◆ **Exercise**
The response consists of the lines from the start of the material below through the line holding "Aggiungi un tocco", repeated word for word and without pictures.

◆ **Data supplied**
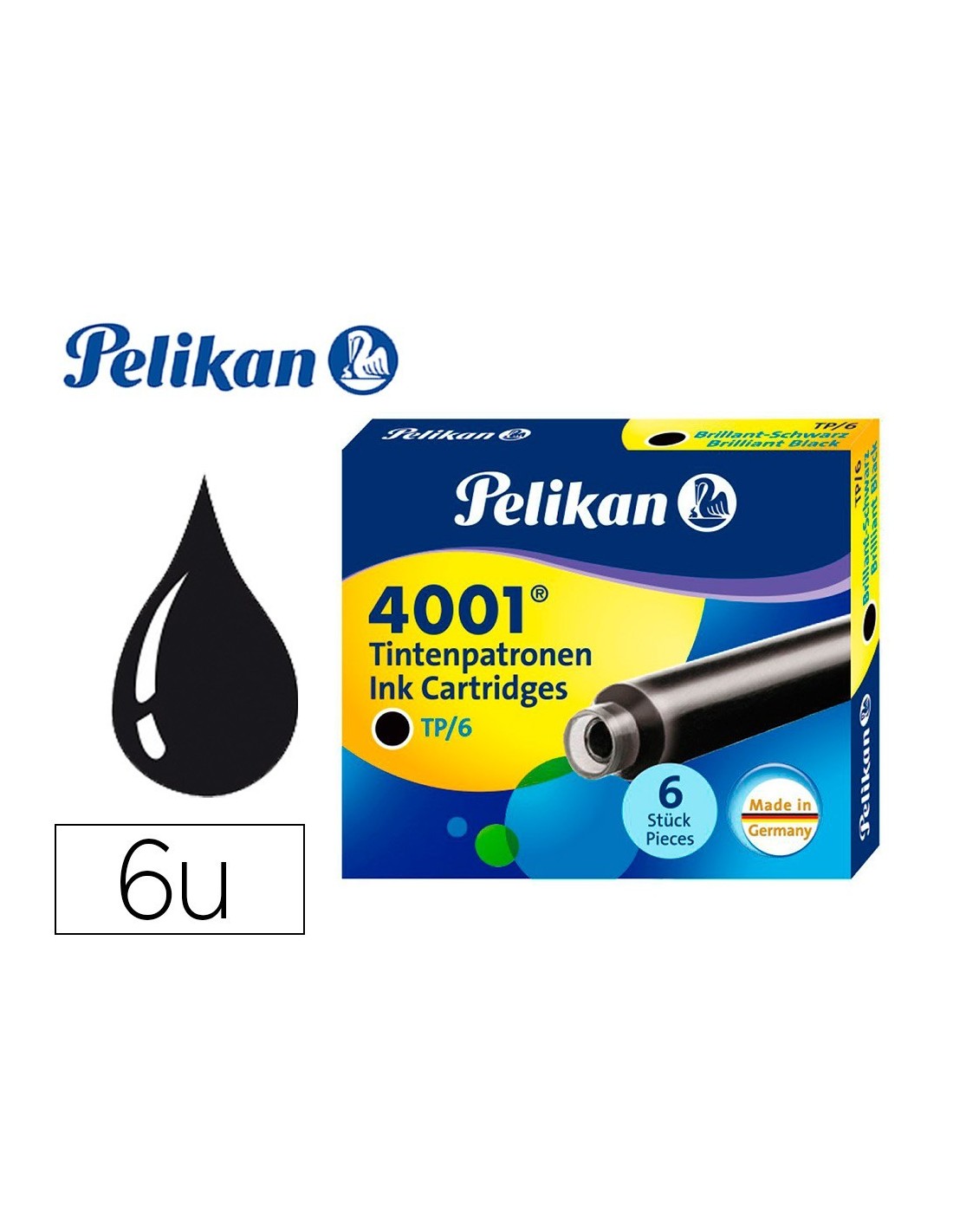 TINTA PARA PLUMAS PELIKAN NEGRA CAJA 6 CARTUCHOS
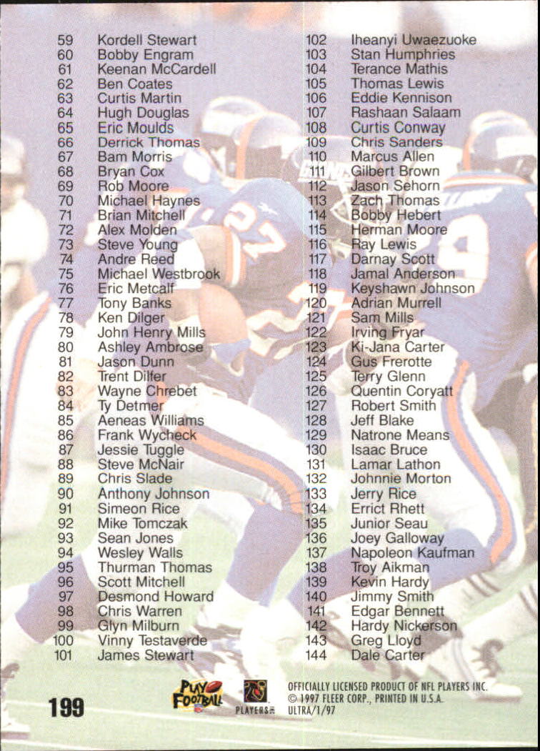 B3284- 1997 Ultra Football Card #s 1-350 +Inserts: #199 Checklist - NM-MT
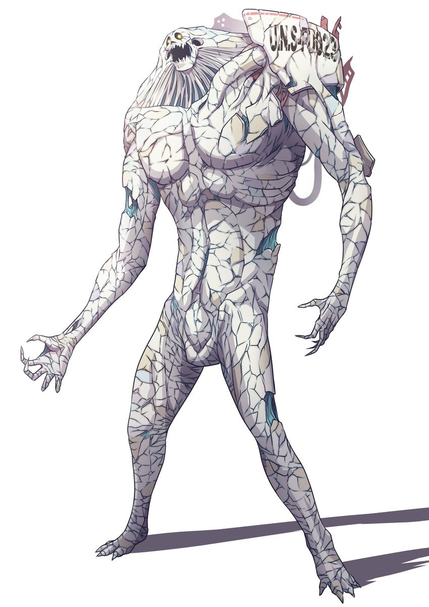 透明怪兽内隆嘎是远古时代潜藏在地底的怪兽,靠吸食电力为生,平常的时候身体呈现半透明状态,然后吸食电力后就会显形,能从头部的角和两旁边的触角交错发射高压电攻击目标,最后被初代奥特曼使用斯派修姆光线打败,而它的必杀技是暴君电击,这个形象是黑田朝生大神绘制的变异后的透明怪兽内隆嘎。
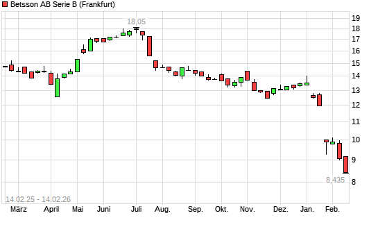 Mit dem Rücksetzer auf 8,44 EUR hat die Betsson-Aktie (ISIN SE0022726485) am 13.02.2026 ein neues 12-Monats-Tief erreicht und damit den Kurs vom 11.02.2026 eingestellt.
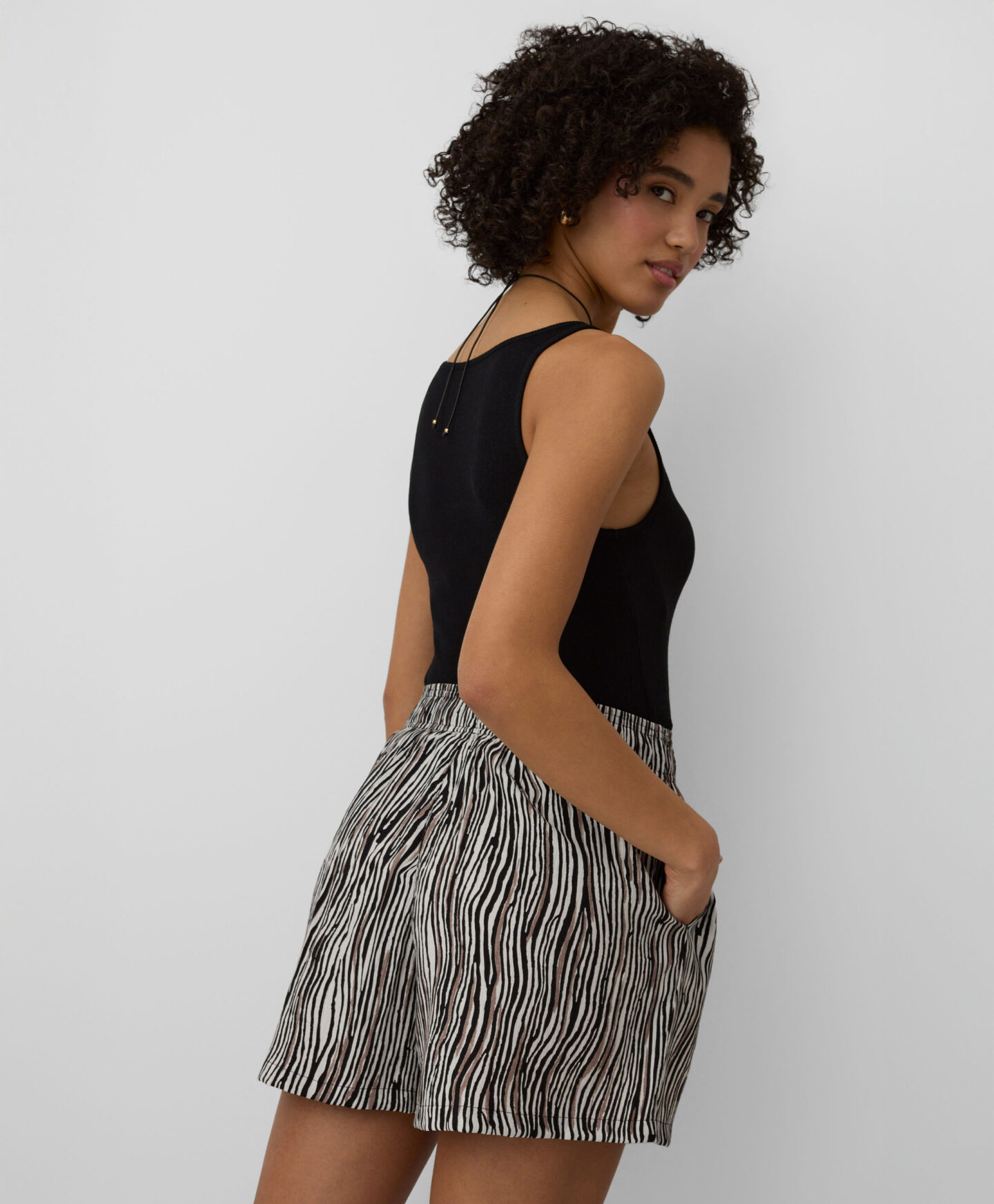 Aggiungi un tocco selvaggio al tuo look estivo con questi shorts animalier da donna, realizzati in viscosa leggera e traspirante. Perfetti per le giornate più calde, si adattano comodamente al corpo grazie alla vita elasticizzata e offrono una morbidezza unica sulla pelle. Abbinali a un top a tinta unita, che sia una canotta semplice o una camicetta elegante, per creare outfit sempre alla moda.
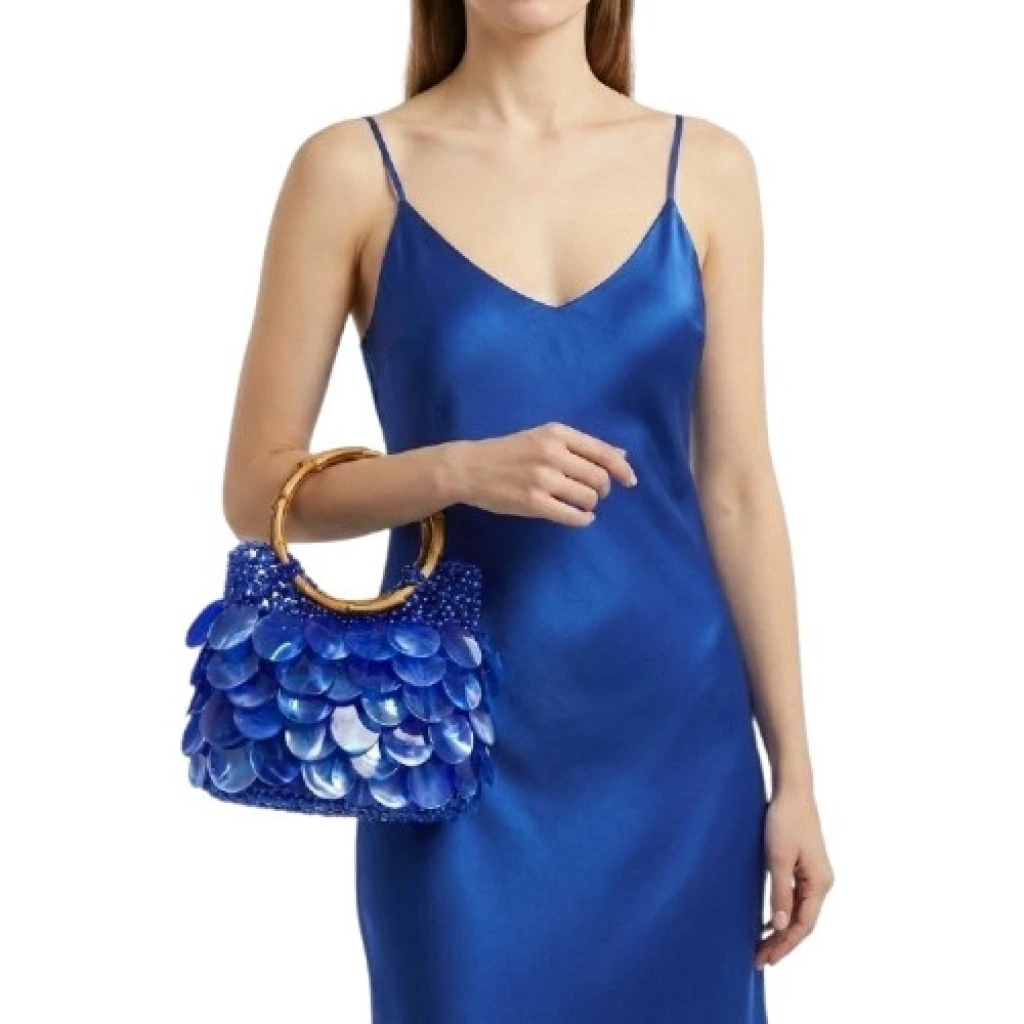 Yüzey formu, organik kesimli doğal sedef disklerin üst üste bindirilmesiyle oluşturulmuş çok katmanlı bir modül yapısına sahiptir. Bu yapı, çanta gövdesinde kontrollü bir hacim derinliği ve dinamik bir yüzey hareketi yaratırken, ışıkla temas eden her modülün bağımsız kırılım üretmesini sağlayacak biçimde konumlandırılmıştır. Katmanlar arasındaki milimetrik aralıklar, yüzeyde doğal bir akış hissi ve sofistike bir doku sürekliliği oluşturur.
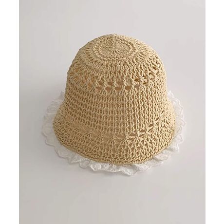 通気性の良い編みデザインとふんわりレースの組み合わせが魅力のキッズ麦わら帽子です。ナチュラルな風合いの編み込みと、帽子の縁を飾るレースが柔らかい雰囲気で、おしゃれなアクセントになります。
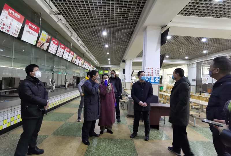 在学生食堂,校领导一行深入了解原材料供应、人力投入、卫生消杀等方面的情况,强调要全力以赴做好疫情防控期间的餐饮保障工作。
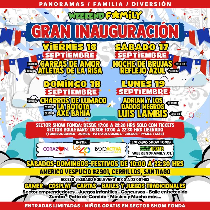 Como una instancia para inaugurar este espacio con bombos y platillos, Weekend Family anunció que realizará una gran fonda los días 16 al 19 de septiembre, de 10:00 a 22:30 horas en Américo Vespucio 2901, comuna de Cerrillos.

◆ **Exercise output**
 TINTA PARA PLUMAS PELIKAN NEGRA CAJA 6 CARTUCHOS
 B3284- 1997 Ultra Football Card #s 1-350 +Inserts: #199 Checklist - NM-MT
 透明怪兽内隆嘎是远古时代潜藏在地底的怪兽,靠吸食电力为生,平常的时候身体呈现半透明状态,然后吸食电力后就会显形,能从头部的角和两旁边的触角交错发射高压电攻击目标,最后被初代奥特曼使用斯派修姆光线打败,而它的必杀技是暴君电击,这个形象是黑田朝生大神绘制的变异后的透明怪兽内隆嘎。
 Mit dem Rücksetzer auf 8,44 EUR hat die Betsson-Aktie (ISIN SE0022726485) am 13.02.2026 ein neues 12-Monats-Tief erreicht und damit den Kurs vom 11.02.2026 eingestellt.
 Aggiungi un tocco selvaggio al tuo look estivo con questi shorts animalier da donna, realizzati in viscosa leggera e traspirante. Perfetti per le giornate più calde, si adattano comodamente al corpo grazie alla vita elasticizzata e offrono una morbidezza unica sulla pelle. Abbinali a un top a tinta unita, che sia una canotta semplice o una camicetta elegante, per creare outfit sempre alla moda.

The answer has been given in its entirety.